You will not a find a more entertaining, heartfelt or unapologetically spirited documentary anywhere this year. You won’t. In fact, I dare you to try.
Because, seriously, Summercamp! is fantastic. It’s hilarious. It’s moving. It’s nostalgic and sentimental. It’s a total blast from start to finish. And my reluctance to us excessive punctuation is the only thing preventing me from ending each of those statements with an exclamation mark.
The film will draw inevitable comparisons to Spellbound because it has some similar themes, not the least of which is training its lens on quirky kids and watching them in the full splendor of their quirkiness. This time, though, the children in question aren’t learning to spell complex words, they’re packing up their teddy bears and favorite pillows to head off to sleep-away camp for three weeks. Following a group of Illinois campers from their homes to a Wisconsin nature retreat, the film features all the staples of camp life: activities, homesickness, cabin pranks, first crushes, frightful food and inter-camper conflict. A number of the kids become touchstones for the audience, including Holly (who has an almost obsessive appreciation for chickadees), Cameron (an overweight teen who’s the oldest boy in his group) and more than a few outsiders who love camp because it affords them the luxury of being themselves and making friends. There’s the boy who nonchalantly explains how his very-successful attorney father is never home, the kids who compare their levels of ADD, and the awkward young girl who laments that she has no friends at home.
You will laugh much more often than you’ll tear up during Summercamp! but, rest assured, you will get sniffly. If the more subtle moments of poignancy (a comforting bedtime story, a gesture of friendship, a woeful letter home) don’t get to you (like they got to me!), then one scene in particular – which comes unexpectedly and out of left field – should do you in. And that’s part of what makes the movie so great. It would have been easy for filmmakers Brad Beesley and Sarah Price to poke fun at their subjects, but instead they infuse the film with a gigantic, squishy heart, and the duo show a true love and appreciation for the kids they’ve been filming as much as the entire camp experience as a whole.

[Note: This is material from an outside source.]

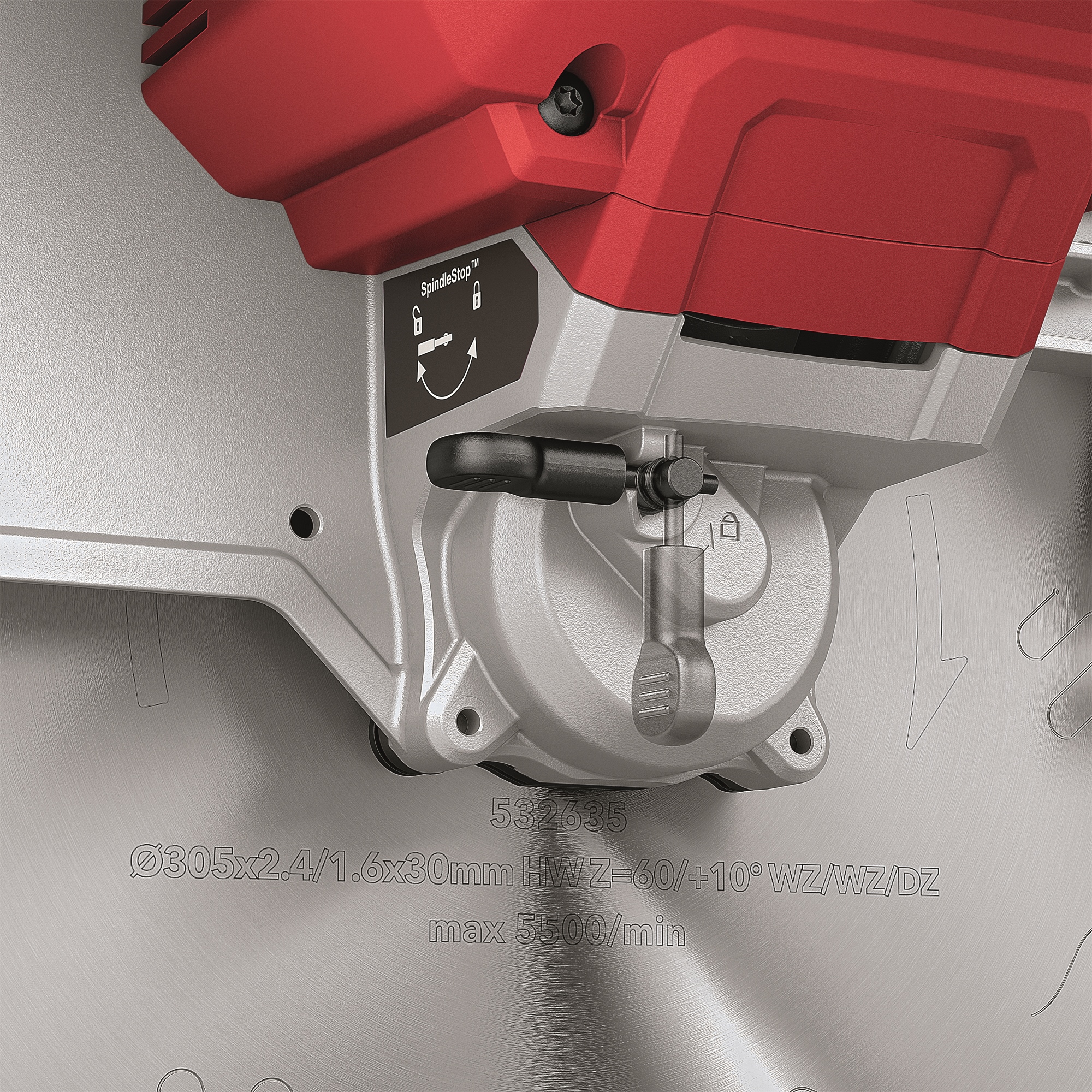 Spindelarretierung: für schnellen Sägeblattwechsel

I heard some people at the Toronto Film Festival say they passed on this movie because they never attended camp themselves and didn’t think they could relate to the film’s content. I couldn’t disagree more! With all its joy and merriment, Summercamp! gently addresses universal themes like friendship, family, unity, heartbreak, fear and uncertainty. It is easily accessible to anyone, whether or not they’ve ever braided gimp, sung the “Baby Shark” song or slathered calamine lotion on a legful of mosquito bites.